(Your objective): Make an exact copy of the listing, without images.

*** Opening Recorded data ***

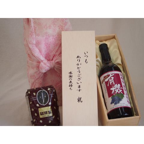 贈り物いつもありがとう木箱と珈琲豆セットオススメ珈琲豆(特注ブレンド200g)酸化防止剤無添加有機あずさワイン赤 (長野県) 720ml
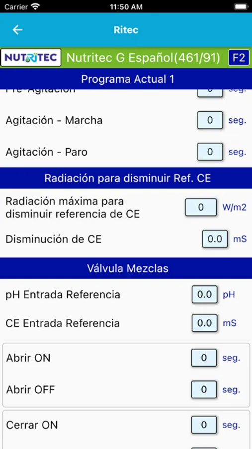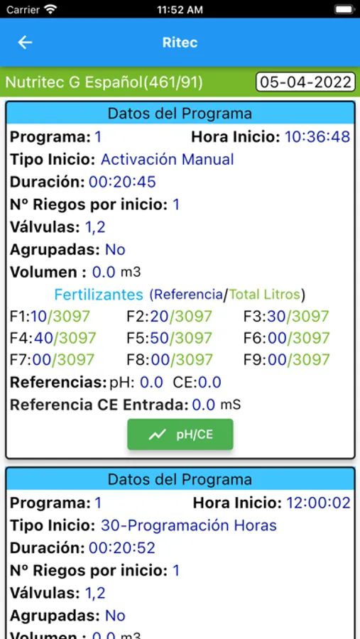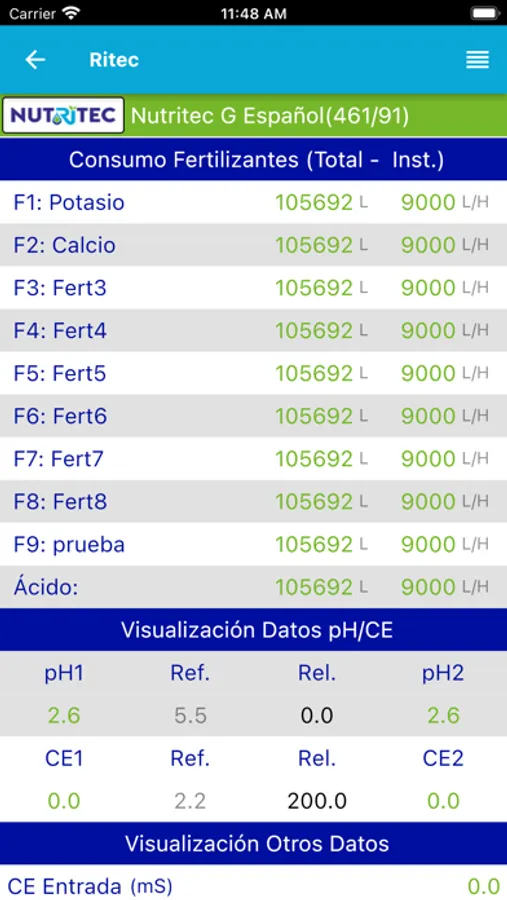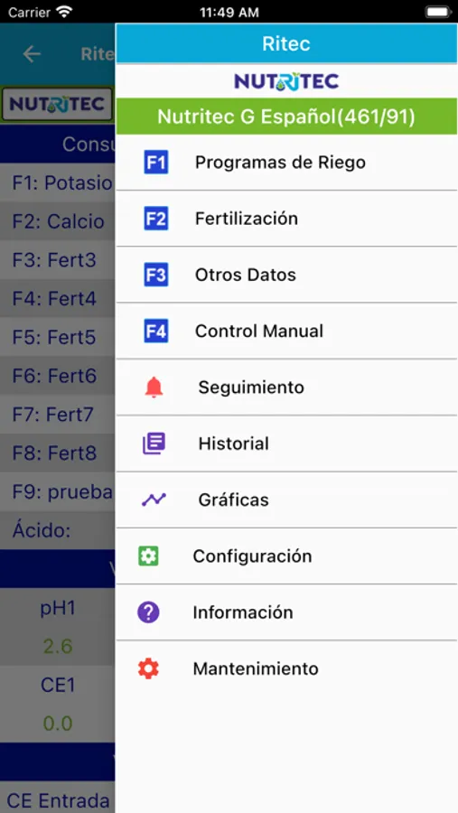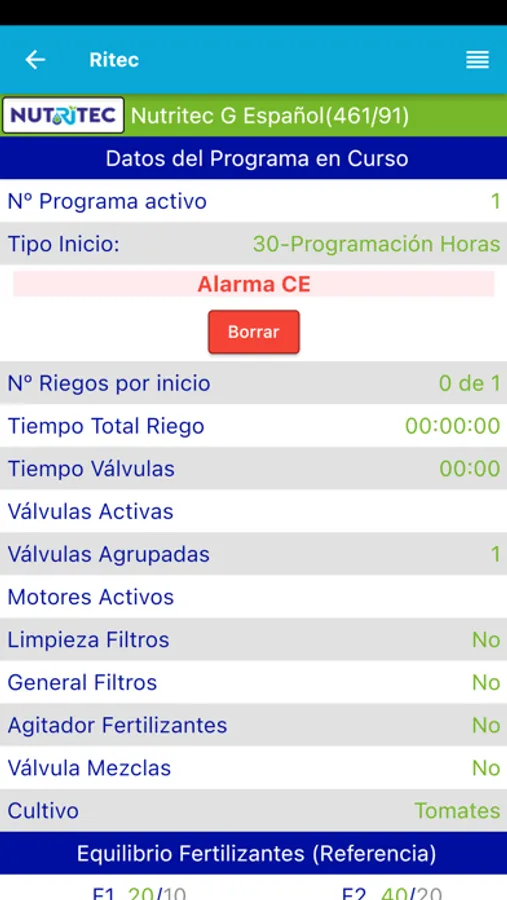 App para programación y control de equipos de fertirrigación Ritec instalados:
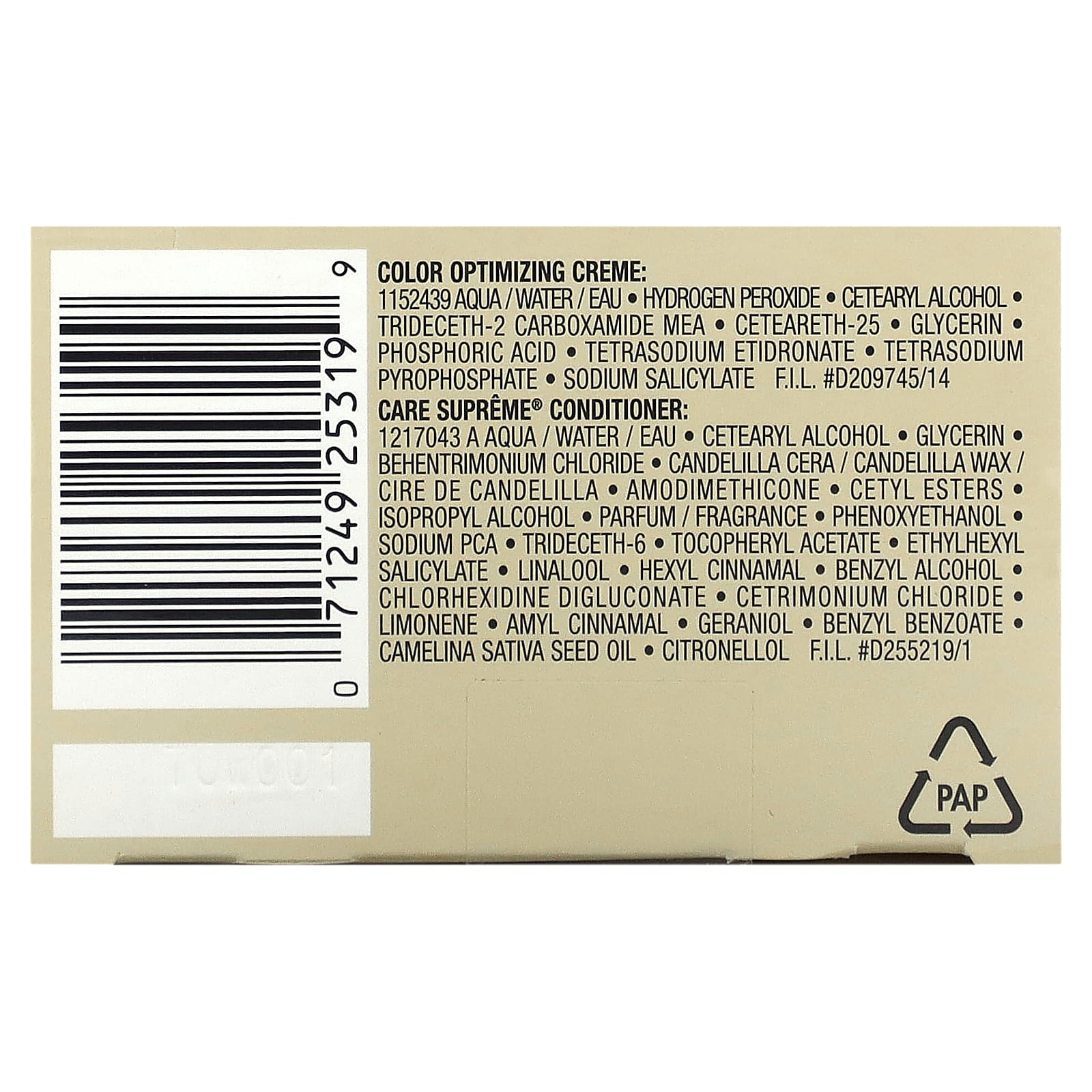 Крем для оптимизации цвета: вода (Aqua), перекись водорода, цетеариловый спирт, тридецет-2 карбоксамид, цетеарет-25, глицерин фосфорная кислота, тетранатрия этидронат, тетранатрия пирофосфат, салицилат натрия.

*** Closing Recorded data ***

(Response to the task):
 贈り物いつもありがとう木箱と珈琲豆セットオススメ珈琲豆(特注ブレンド200g)酸化防止剤無添加有機あずさワイン赤 (長野県) 720ml
 App para programación y control de equipos de fertirrigación Ritec instalados:
 Крем для оптимизации цвета: вода (Aqua), перекись водорода, цетеариловый спирт, тридецет-2 карбоксамид, цетеарет-25, глицерин фосфорная кислота, тетранатрия этидронат, тетранатрия пирофосфат, салицилат натрия.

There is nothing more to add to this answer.